Most of the younger deputies had responded favorably to Joanna’s insistence that officers wear Kevlar vests at all times while on duty. Where she had met resistance was from the old guard-from guys like Voland and Carpenter-the very ones who should have known better.
“Besides,” Ernie grumbled, “I seem to have gained a little weight. It doesn’t fit me like it used to.”
“That extra weight is mostly between your ears,” Joanna shot back. “Right now we’re on our way to interview a possible homicide suspect. Reach into that plastic container that’s right behind my seat. I keep Andy’s old vest in there, just in case.”
“It’ll never work,” Ernie objected. “I must outweigh what Andy did by a good forty pounds.”
“Too bad,” Joanna said with considerable lack of sympathy. “You’ll just have to suck it in and make it work.”
Without another word, Ernie fished out Andy’s old vest. He took off his jacket, buckled the vest on outside his shirt, and then put the jacket back on.
“But I can barely breathe in this thing,” he objected. “And it’s wrinkling hell out of my clean shirt.”
“Let that be a lesson, Ernie,” Joanna told him. “Spring for the seven hundred bucks and get yourself a new one. Have it custom-made so it fits.”
“Seven hundred bucks? Are you kidding?” Ernie groused. “We’ll see. It would have to be pretty damned good to be worth that much.”
The bullet-resistant-vest discussion had carried them inside the Douglas city limits. Traveling without emergency lights, Joanna drove through town at the posted limits. After all, since Joanna Brady and Ernie Carpenter weren’t calling for local backup, there was no need to advertise their presence in someone else’s jurisdiction.
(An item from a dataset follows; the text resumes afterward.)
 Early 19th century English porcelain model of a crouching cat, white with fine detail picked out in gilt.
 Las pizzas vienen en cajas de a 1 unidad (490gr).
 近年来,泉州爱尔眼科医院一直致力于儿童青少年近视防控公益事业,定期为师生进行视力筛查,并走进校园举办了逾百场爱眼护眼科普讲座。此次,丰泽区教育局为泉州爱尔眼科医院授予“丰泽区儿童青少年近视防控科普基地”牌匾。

Like the Buckwalter Clinic in Bisbee, Wade Animal Clinic on Leslie Canyon Road was outside the city boundaries. North of the county fairgrounds, Joanna turned into the driveway, only to find the way blocked by a homemade sandwich board sign. Hastily written block letters announced the clinic was closed. Disregarding the sign, Joanna drove around it.
“Looks like nobody’s home,” Ernie said.
Wade Animal Clinic, like other small town veterinary practices, was part of an all-purpose compound that included both a residence and clinic facility. The clinic, consisted of two cobbled-together mobile homes, sat near the roaf. The house, a low-slung brick affair with a deeply shaded front porch, sat farther back, nestled in among a grove of towering cottonwoods.
“Maybe not,” Joanna said. “There’s a pickup parked over by the house. Let’s try there first.”
She pulled up and parked beside an empty Dodge Ram pickup. Both Joanna and Ernie opened their respective doors and started to get out of the truck.
“I wouldn’t come any closer it I were you.”
As one, both Joanna and Ernie returned to the Blazer, leaving the car doors open. “Who said that?” Joanna demanded. “And where did it come from?”
“The porch,” Ernie said. “There’s somebody sitting there n the shadow.” Shifting his weight in the seat, Ernie managed to tug his 9-mm Beretta from an underarm holster. Joanna did the same with her Colt.